Singularity was developed in 2015 as an open-source project by researchers at Lawrence Berkeley National Laboratory led by Gregory Kurtzer.
Singularity is emerging as the containerization framework of choice in HPC environments.
- Enable researchers to package entire scientific workflows, libraries, and even data.
- Users do not need to ask their system admin (e.g., RCAC) to install software for them.
- Can use docker images.
- Secure!
- Does not require root privileges.
Detailed singularity user guide is available at: sylabs.io/guides/3.8/user-guide.

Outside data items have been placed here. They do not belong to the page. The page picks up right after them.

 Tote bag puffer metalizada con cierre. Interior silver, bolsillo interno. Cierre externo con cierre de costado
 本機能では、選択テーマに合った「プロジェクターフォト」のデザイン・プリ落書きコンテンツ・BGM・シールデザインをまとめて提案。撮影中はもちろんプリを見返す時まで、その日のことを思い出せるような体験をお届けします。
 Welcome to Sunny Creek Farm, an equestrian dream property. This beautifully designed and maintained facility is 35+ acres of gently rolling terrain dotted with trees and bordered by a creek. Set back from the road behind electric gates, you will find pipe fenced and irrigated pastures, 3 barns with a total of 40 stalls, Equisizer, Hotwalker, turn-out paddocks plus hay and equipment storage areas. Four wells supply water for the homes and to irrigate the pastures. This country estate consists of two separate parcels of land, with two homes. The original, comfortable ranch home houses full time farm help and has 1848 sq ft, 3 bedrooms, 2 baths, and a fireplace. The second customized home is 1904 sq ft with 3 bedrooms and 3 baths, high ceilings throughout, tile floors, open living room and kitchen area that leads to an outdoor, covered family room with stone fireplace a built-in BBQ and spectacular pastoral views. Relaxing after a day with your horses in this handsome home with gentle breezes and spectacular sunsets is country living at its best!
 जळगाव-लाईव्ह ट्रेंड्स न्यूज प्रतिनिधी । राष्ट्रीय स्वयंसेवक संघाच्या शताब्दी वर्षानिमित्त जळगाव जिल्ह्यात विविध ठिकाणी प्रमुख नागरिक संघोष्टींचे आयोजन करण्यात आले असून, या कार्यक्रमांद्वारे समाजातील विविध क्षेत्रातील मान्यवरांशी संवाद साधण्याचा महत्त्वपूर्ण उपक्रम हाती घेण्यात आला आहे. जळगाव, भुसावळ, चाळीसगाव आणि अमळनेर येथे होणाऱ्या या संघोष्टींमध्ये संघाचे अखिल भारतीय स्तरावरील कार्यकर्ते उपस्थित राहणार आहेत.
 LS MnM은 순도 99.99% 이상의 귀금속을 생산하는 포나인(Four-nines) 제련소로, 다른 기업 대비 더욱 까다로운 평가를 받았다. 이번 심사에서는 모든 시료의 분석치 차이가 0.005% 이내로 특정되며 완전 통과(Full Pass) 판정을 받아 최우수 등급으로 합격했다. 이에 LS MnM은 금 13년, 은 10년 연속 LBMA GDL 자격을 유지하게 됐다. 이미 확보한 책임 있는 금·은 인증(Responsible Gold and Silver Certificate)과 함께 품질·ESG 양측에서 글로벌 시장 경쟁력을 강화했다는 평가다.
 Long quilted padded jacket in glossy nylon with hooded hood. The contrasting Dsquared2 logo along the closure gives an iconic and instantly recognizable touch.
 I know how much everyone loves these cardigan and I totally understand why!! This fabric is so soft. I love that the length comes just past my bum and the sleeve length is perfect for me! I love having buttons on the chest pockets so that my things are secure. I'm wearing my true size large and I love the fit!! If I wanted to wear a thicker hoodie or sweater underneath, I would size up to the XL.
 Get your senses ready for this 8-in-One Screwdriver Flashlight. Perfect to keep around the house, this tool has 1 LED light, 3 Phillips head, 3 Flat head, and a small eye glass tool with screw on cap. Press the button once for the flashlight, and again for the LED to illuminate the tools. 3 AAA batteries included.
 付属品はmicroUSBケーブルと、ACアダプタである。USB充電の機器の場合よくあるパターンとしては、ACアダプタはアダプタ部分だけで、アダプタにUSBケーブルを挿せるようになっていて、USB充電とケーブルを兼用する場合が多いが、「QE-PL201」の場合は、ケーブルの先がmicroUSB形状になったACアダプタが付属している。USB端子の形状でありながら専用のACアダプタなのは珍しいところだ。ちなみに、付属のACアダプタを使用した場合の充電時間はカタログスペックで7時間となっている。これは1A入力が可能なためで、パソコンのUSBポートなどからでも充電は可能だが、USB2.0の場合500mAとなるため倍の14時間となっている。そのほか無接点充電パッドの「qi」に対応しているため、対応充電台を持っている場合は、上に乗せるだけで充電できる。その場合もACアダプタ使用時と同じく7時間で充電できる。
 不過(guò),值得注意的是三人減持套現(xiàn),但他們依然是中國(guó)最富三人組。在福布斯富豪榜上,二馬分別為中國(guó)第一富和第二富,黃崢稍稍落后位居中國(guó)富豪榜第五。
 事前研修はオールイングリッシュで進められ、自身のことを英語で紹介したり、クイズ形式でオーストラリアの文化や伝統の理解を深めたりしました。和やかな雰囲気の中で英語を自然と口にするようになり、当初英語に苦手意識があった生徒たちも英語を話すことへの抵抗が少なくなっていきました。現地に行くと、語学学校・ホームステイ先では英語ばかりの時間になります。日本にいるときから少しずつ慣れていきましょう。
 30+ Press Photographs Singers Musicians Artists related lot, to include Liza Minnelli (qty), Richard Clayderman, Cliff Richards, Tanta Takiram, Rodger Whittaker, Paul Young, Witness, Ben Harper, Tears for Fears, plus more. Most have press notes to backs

The main singularity command:
$ singularity [options] <subcommand> [subcommand options …]
$ ssh USERID@CLUSTER.rcac.purdue.edu # You can login to any Purdue cluster you have access to
$ cd $RCAC_SCRATCH # We will practice in our scratch directory
$ git clone https://github.com/zhan4429/Container101_2021.git
$ cd Container101_2021
$ ls
Container101_turtorial.md Inputs README.md
I created a git respository that contains the practice materials. After you git clone
the git repository, you can find that in your current directory, there is a folder named Container101_2021
. Inside this folder, you will find the folder Inputs
that contains all input files will be used in the following practice.
Download or build a container from a given URI.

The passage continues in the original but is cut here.